As hundreds of thousands of Italians poured into piazzas in Rome and 230 other cities on Sunday to protest against prime minister Silvio Berlusconi and his sexual shenanigans, the placards told the story.
“Italy is not a brothel!” said one sign. “Berlusconi you are stealing our dignity!” said another.
Aretha Franklin’s Respect rang out across Piazza del Popolo in Rome, as tens of thousands gathered to hear poignant messages from anonymous women read out to the crowd.
Ordinary women who have no jobs, are too afraid to tell their employers they are pregnant, or push their children to leave the country as soon as they leave university because there is no future for them here. One even complained her young child had added “escort” to his vocabulary.
After a minute’s silence across the central square, a massive banner was unfurled saying, “If not now, when? We want a country that respects all women”.
As massive crowds took to the streets from Turin in the north to Palermo in the south to demand the 74-year-old leader’s resignation , a judge was weighing up whether he stands trial on allegations he paid for sex with an under-age prostitute known as Ruby and abused his power to have her released from police custody last year.
The protests drew young mothers with toddlers, teenagers and grandmothers who had fought on the front line of the sexual revolution a generation ago.
But there were also plenty of men in the crowd, including a 72-year-old pensioner, flanked by his wife, who told me what it meant to him to ride on a bus where he could barely breathe it was so full of protesters.
“I have never seen anything like it,” he told me as his wife watched him in silence. “I am convinced that many women are disgusted with Mr Berlusconi. For me it is very moving.”
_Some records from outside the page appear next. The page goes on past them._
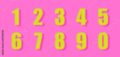© Liliya, Fototapeta premium Numbers with blurred edges, fluted glass style. Pixel numbers. Set of bright yellow blurred numbers on pink background. Vector set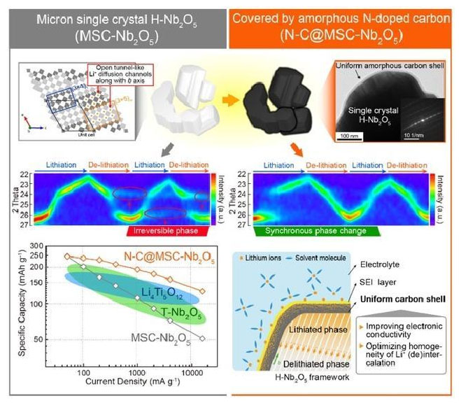 引入無定型碳層對H型Nb2O5晶體表界面電子和離子輸運均勻性及結(jié)構(gòu)變化可逆性的改善策略示意圖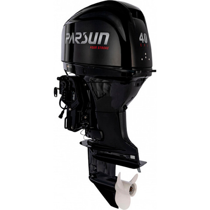 F40FES-T-EFI — является полным аналогом японского лодочного мотора Yamaha. Все их запчасти взаимозаменяемы, в связи с чем эксплуатация и техническое обслуживание мотора существенно упрощается. Данная модель мотора имеет дистанционное управление, электрозапуск и оборудована системой электрогидравлической откидки и наклона. Мотор предназначен для лодок с транцем – 381 мм. Силовой агрегат Парсун F40FES-T-EFI представляет из себя 4‑х тактный 3‑х цилиндровый двигатель с объемом цилиндров 747 куб. см. На каждый цилиндр приходится по два клапана. Их приводит в действие один распредвал с ременным приводом, который расположен перед блоком цилиндров – конфигурация SOHC.Топливо к впускным клапанам подается инжекторами, которые являются частью инжекторной системы многоточечного впрыска (Multi-Point EFI). Всеми системами двигателя, включая систему электронного впрыска топлива, систему электронного зажигания CDI/TCI и систему предупреждения о неисправностях, управляет микропроцессорный электронный модуль ECM. Он в режиме реального времени опрашивает многочисленные датчики, расположенные в ответственных узлах двигателя, и производит расчет оптимального количества топлива, требуемого для подачи в камеры сгорания. Чтобы снизить вероятность поломки двигателя подвесного мотора F40FES-T-EFI, система оповещения о неисправностях Engine Alert System своевременно информирует судоводителя о перегреве, снижении давления масла и других неисправностях. Модели моторов, оборудованные системой электрогидравлической откидки/наклона, позволяют точнее настраивать угол наклона на ходу, при преодолении мелководных участков и при причаливании к берегу. Выход на 12 вольт (постоянный ток 12~15 V 25 A ) для подключения ходовых огней; реализации питания эхолота/навигатора, подзарядки мобильного телефона и прочих приборов.

What made this protest so different to many of the other anti-Berlusconi demonstrations was its grassroots surge. This was not organised by a political party or trade unions, communists or fascists. This protest was from women and men of all ages eager to tell their narcissistic leader “Enough is enough!” — in a political bushfire fuelled by the mainstream media and social networking sites such as Facebook.
Some women in the crowd even told me they had been inspired to take action after what they had seen in Tunisia and Egypt.
“We want to see an end to corruption, we want a new consciousness,” one woman told me.
This was far more than a protest against Berlusconi and his private pole-dancing parties. This was a belated rejection of a culture of corruption and s-xual favours, where women can be a topless dancer one day and be running for political office the next.
“Women in this country are denigrated by the repeated, indecent and ostentatious representation of women as a n-ked s-xual object on offer in newspapers, televisions and advertising,” said protest organiser Ida Poletto.
Whether any of the women or men who protested today ever voted for Berlusconi is an open question.
But they certainly sent a strong message to 74-year-old leader that they have had enough of his behaviour and he can no longer blame what he calls a left-leaning judiciary for his woes.